Изменить стиль страницы

Я подумал о кошмаре, который они мне устроили; о том, как несколько часов пролежал без сознания; о мучительной боли, которая до сих пор дает себя знать; о жутком, бесконечно долгом ожидании в госпитале; о бешеной злости на Никки и тысяче киамов, потерянных по ее вине. Я сложил все это и попытался разом выбросить из памяти. Нет, не получается. Внутри не унималась неведомая прежде ярость, но теперь, кажется, я лишился объекта ненависти… Я посмотрел на Селиму.

— Ладно, забудем.

Ее совсем не тронуло мое великодушие и благородство. Сначала я даже немного обиделся — неужели трудно хотя бы из вежливости показать, что она ценит подобный жест — но потом вспомнил, что имею дело с Черной Вдовой.

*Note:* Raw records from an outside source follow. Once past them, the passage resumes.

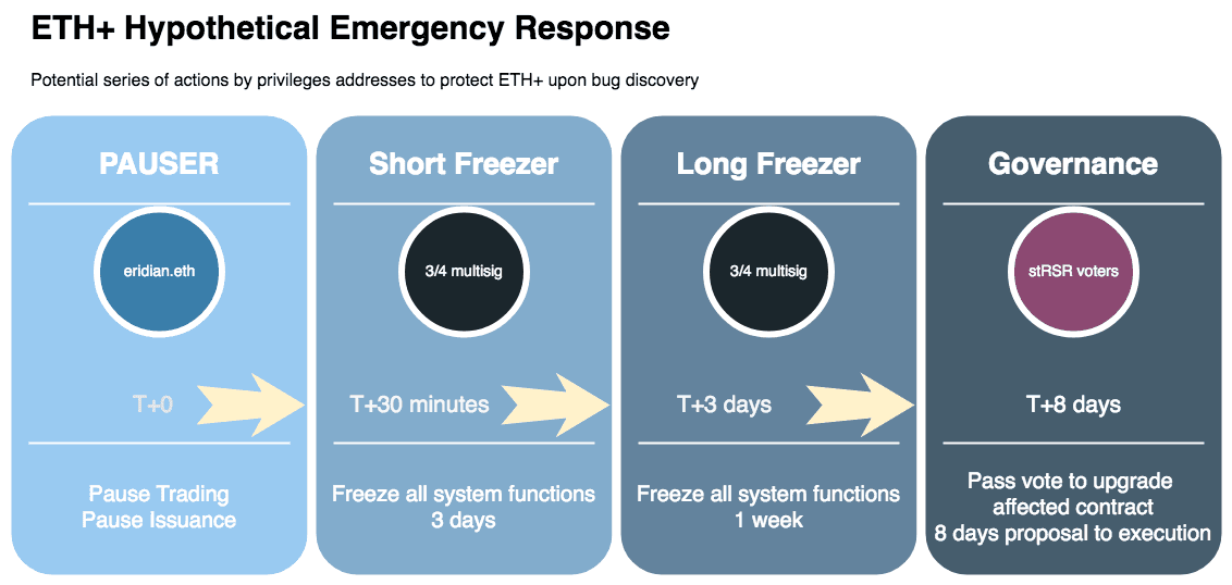 RSR Governance: There is an inherent tradeoff for RTokens to prioritize either growth or robust overcollateralization/diverse stakeholder interest. This is managed through the proportional distribution of revenue to RToken holders versus RSR stakers. ETH+ prioritizes attractive yields to ETH+ holders, and therefore retains a minor (2%) overcollateralization buffer from RSR. This increases the risk of governance takeover, although there does exist a Guardian multisig with veto power and roles to pause protocol functions in an emergency situation. Stakeholders may opt to adjust the revenue distribution in the future to attract additional RSR stakers, although this may diminish ETH+'s competitiveness in the LSD and LSD index market. Regardless of buffer size, note that the existence of any buffer presents a unique value proposition that may not be offered by competing products.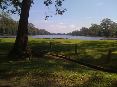れてるときのアンコールワット周辺。景観に息を飲むとはこのことだ。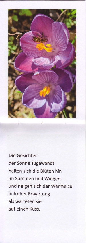Kalender-Booklet, fadengebunden, hochkant, 12 Doppelseiten, jeweils mit Foto und Text, Din A7 (7.4×10.5cm)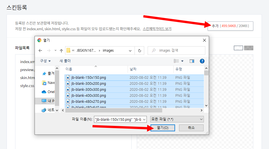5)스킨 폴더에서 images 폴더를 제외한 모든 파일을 선택하고 추가한다.

— Еще остались нерешенные проблемы, Марид, — напомнила мне Селима. — Я до сих пор тревожусь за Никки.

— В принципе, история с немцем может оказаться правдой, — произнес я, разливая чай. — А неувязки объясняются вполне невинными причинами.

На самом деле, я сам не верил в то, что сказал. Просто хотел немного успокоить ее.

Она взяла чашку и сжала ее в ладонях.

— Не знаю, что теперь делать.

— Возможно, какой-то тронутый тип решил всех вас укокошить, — предположила Ясмин, — и лучше на время спрятаться.

— Я думала об этом, — отозвалась Селима.

Теория моей подруги выглядела не очень убедительно. Тамико и Деви убиты совершенно разными способами. Конечно, здесь мог орудовать убийца, наделенный творческим воображением; несмотря на старые полицейские изречения насчет «неповторимого почерка», я не понимал, что запрещает нашему маньяку разнообразить методы. Но свои соображения оставил при себе.

— Ты можешь пожить в моей квартире, — сказала Ясмин, — а я переберусь к Мариду.

Мы с Селимой были одинаково ошарашены таким предложением.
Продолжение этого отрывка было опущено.